[TASK REQUIREMENTS]
Word-for-word transcription: reproduce all of the data, but not the pictures.

-- PROVIDED MATERIAL follows --

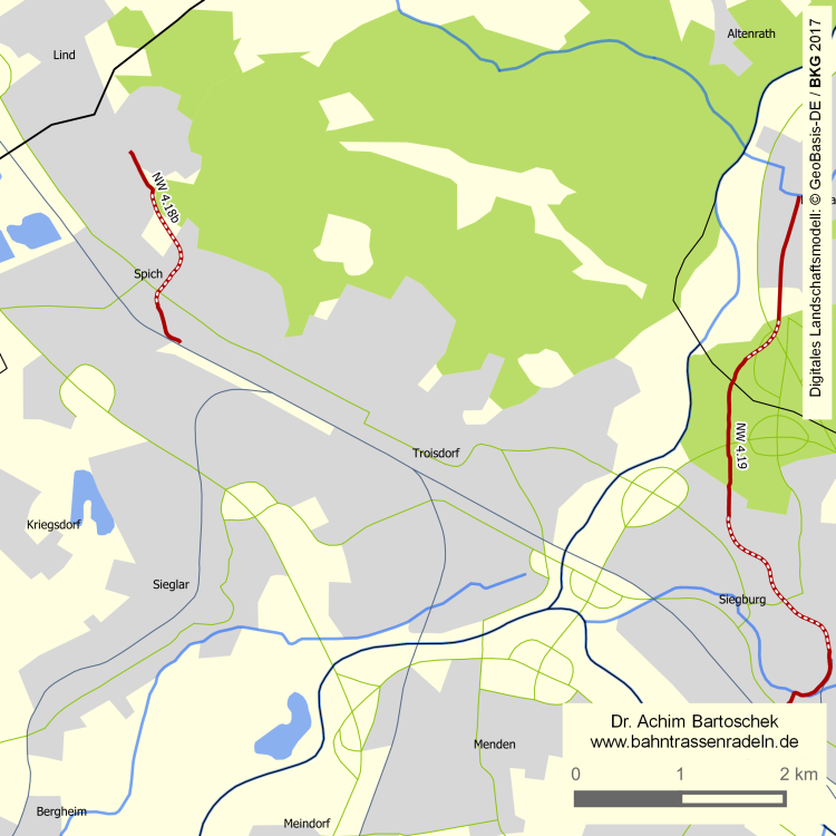 nördlich von Spich vom Kreisverkehr Belgische Allee in südöstlicher Richtung: Mauspfad / K 20 (linker Zweirichtungs-R/F) |
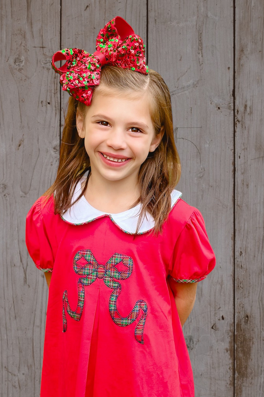 Red and Green Velvet Sequin and Grosgrain Overlay Hair Bow – Wee Ones™ Holiday Collection
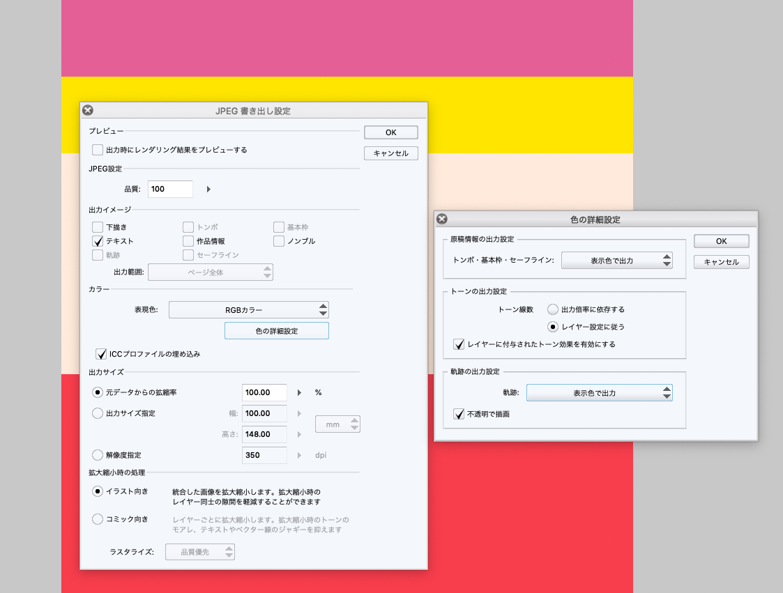 ・書き出した際のファイル形式と、書き出し時の書き出し設定画面の
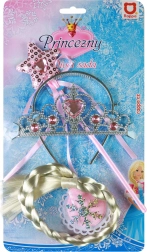 Verwandeln Sie das tägliche Spielen in ein Märchen! Dieses Prinzessinnen-Set bietet alles, was kleine Prinzessinnen brauchen – eine elegante Krone, verziert mit funkelnden rosafarbenen Steinchen, einen leichten Zauberstab und einen extra langen Zopf mit einer Länge von etwa 62 cm.

-- PROVIDED MATERIAL concluded --

[OUTPUT BELOW]
 nördlich von Spich vom Kreisverkehr Belgische Allee in südöstlicher Richtung: Mauspfad / K 20 (linker Zweirichtungs-R/F) |
 Red and Green Velvet Sequin and Grosgrain Overlay Hair Bow – Wee Ones™ Holiday Collection
 ・書き出した際のファイル形式と、書き出し時の書き出し設定画面の
 Verwandeln Sie das tägliche Spielen in ein Märchen! Dieses Prinzessinnen-Set bietet alles, was kleine Prinzessinnen brauchen – eine elegante Krone, verziert mit funkelnden rosafarbenen Steinchen, einen leichten Zauberstab und einen extra langen Zopf mit einer Länge von etwa 62 cm.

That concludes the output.